(PROBLEM)
Quote exactly, and only, the lines from the one containing "Wir folgen dem" through the end of the material below. Skip pictures.

(MATERIAL TO PROCESS)
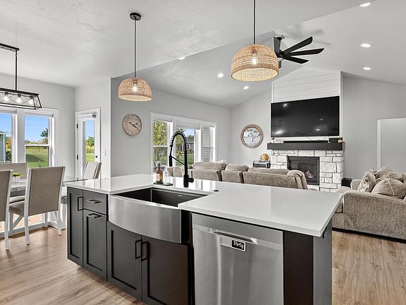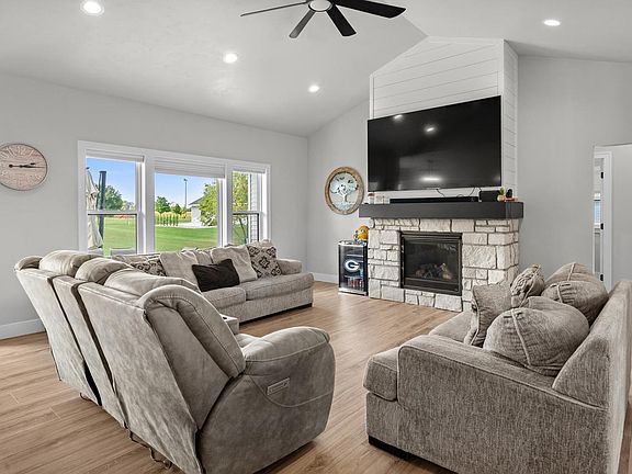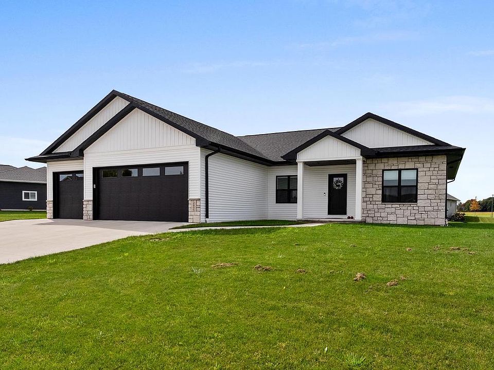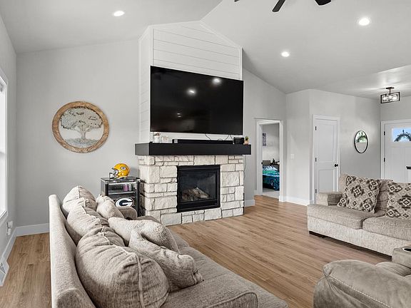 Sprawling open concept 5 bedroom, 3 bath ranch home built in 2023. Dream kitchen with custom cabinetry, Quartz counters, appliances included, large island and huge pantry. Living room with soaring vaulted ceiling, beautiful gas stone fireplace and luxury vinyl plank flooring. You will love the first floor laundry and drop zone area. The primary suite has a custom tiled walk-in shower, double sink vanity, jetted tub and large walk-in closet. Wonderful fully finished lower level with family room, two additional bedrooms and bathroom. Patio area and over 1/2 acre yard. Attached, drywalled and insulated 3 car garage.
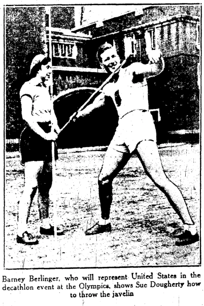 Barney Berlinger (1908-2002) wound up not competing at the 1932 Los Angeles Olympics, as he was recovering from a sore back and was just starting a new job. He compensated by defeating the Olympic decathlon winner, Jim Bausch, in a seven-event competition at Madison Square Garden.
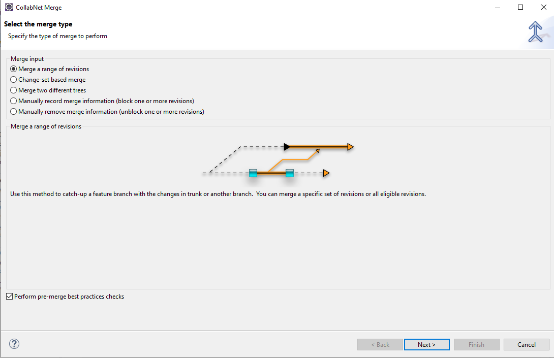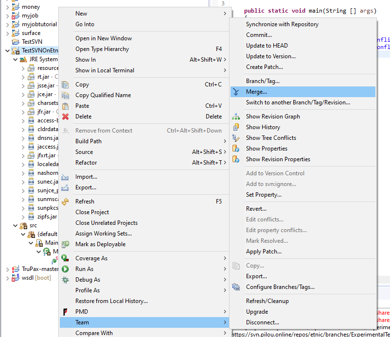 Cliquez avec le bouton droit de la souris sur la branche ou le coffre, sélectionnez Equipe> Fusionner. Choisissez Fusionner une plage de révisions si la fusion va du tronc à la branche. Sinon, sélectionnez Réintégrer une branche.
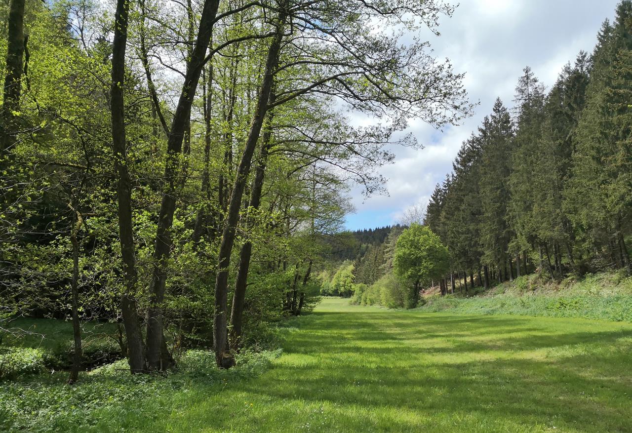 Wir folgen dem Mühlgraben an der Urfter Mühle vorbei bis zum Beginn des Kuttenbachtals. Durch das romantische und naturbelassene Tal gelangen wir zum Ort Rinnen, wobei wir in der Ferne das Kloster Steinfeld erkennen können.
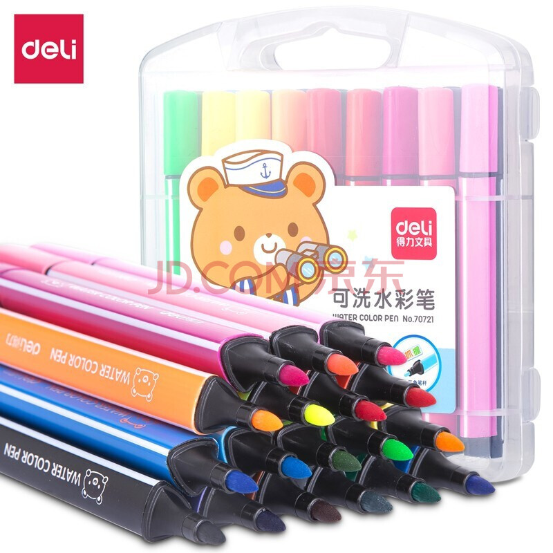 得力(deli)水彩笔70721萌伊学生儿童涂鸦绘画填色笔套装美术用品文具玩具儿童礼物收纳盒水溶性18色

(RESULT OF THIS TASK)
 Wir folgen dem Mühlgraben an der Urfter Mühle vorbei bis zum Beginn des Kuttenbachtals. Durch das romantische und naturbelassene Tal gelangen wir zum Ort Rinnen, wobei wir in der Ferne das Kloster Steinfeld erkennen können.
 得力(deli)水彩笔70721萌伊学生儿童涂鸦绘画填色笔套装美术用品文具玩具儿童礼物收纳盒水溶性18色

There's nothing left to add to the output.